Шарунов занервничал, людей задергал, сам задергался, и пошли у него сплошные
перекосы. Значит, плох, рано выдвинули, убрать его с роты! Полухин так прямо
и заявил командиру полка на совещании офицеров. У Батурина тогда сердце
зашлось от возмущения. Что ж это выходит?! Коли мне человек не по нраву -
берите его себе, мне же дайте готовенького, да чтоб в моем вкусе. И так
легко, безоглядно ломать офицерскую судьбу молодому человеку, которому еще
служить да служить!
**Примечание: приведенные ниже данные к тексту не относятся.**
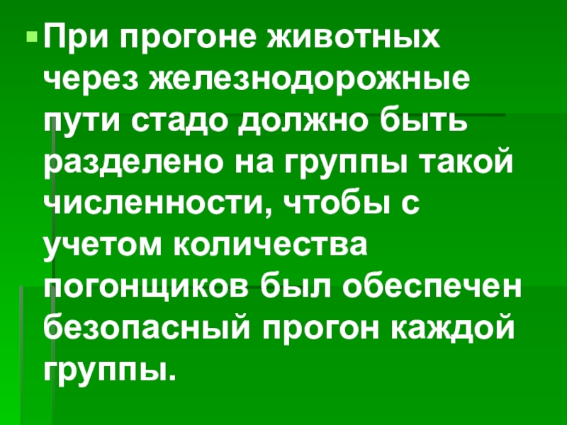 Слайд 13При прогоне животных через железнодорожные пути стадо должно быть разделено
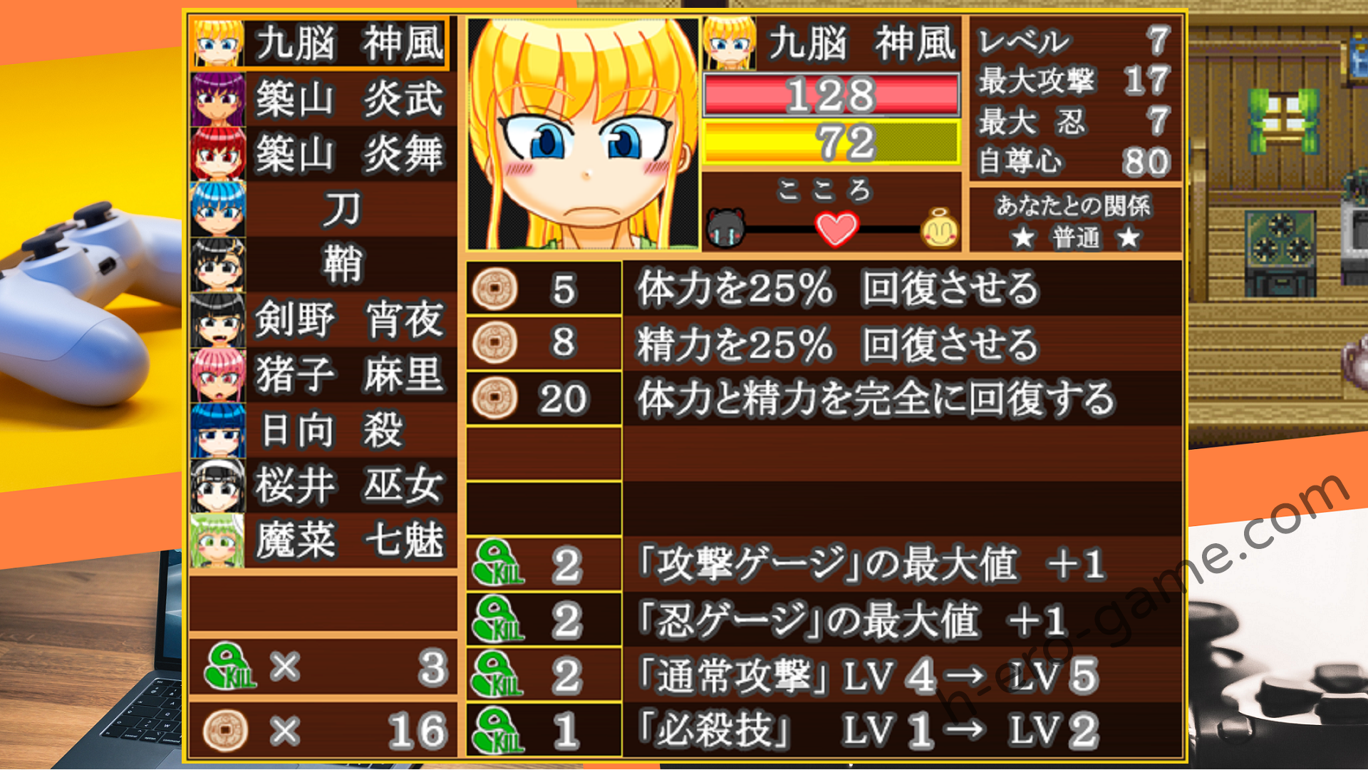 不同角色一次能提升的素質上限會不一樣,例如攻擊型角色通常可以把升級點全點在攻擊,防禦系的角色就只能點二點攻擊。可以升級的素質方面,友情與技能點解釋一下。
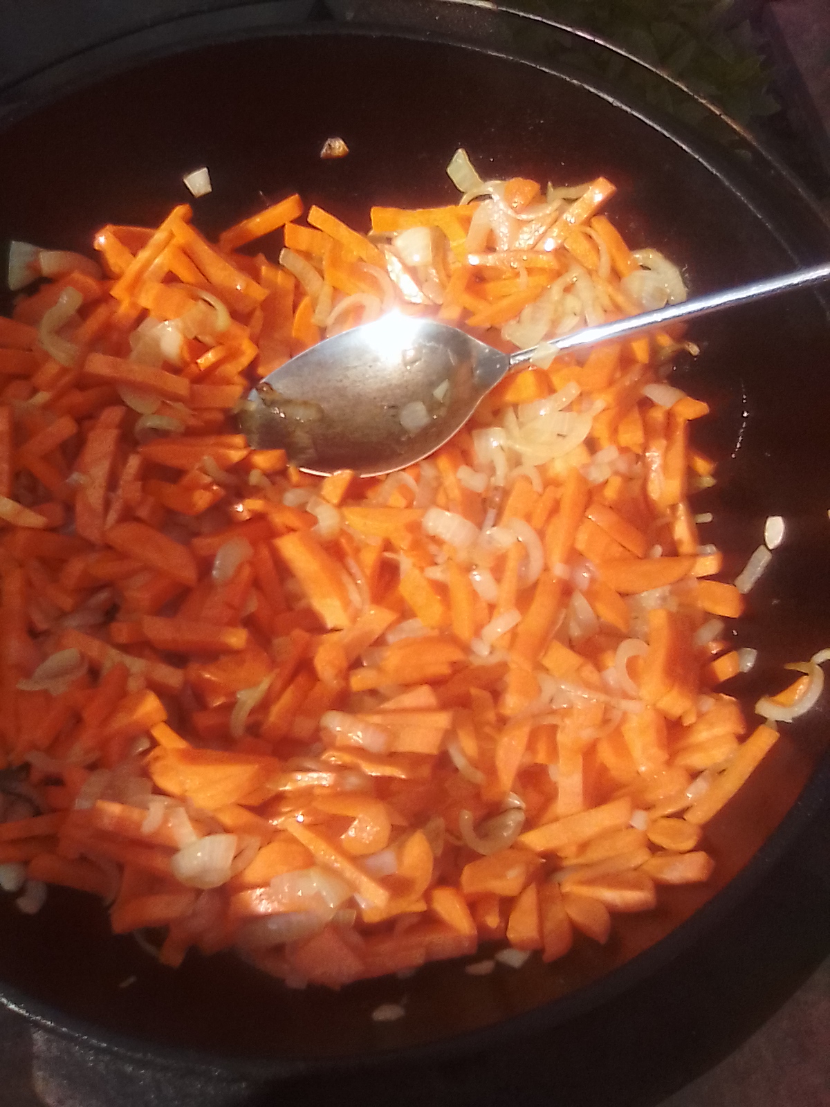 Лук морковь и мясо обжарил , сейчас зервак делается ...

И ведь неглупому, честному, старательному человеку, чья
вина только в том, что не сумел быстро перестроиться под начальника своего.
Еще обиднее было Батурину, что кое-кому тут увиделась повышенная
требовательность комбата Полухина. И тогда Батурин попросил слова, заявил:
"У меня в батальоне открывается вакансия. Отдайте Шарунова. Мне кажется, он
совсем не такой безответственный человек, как тут говорилось". Комполка в
ответ: "Не возражаю. Завтра будет приказ".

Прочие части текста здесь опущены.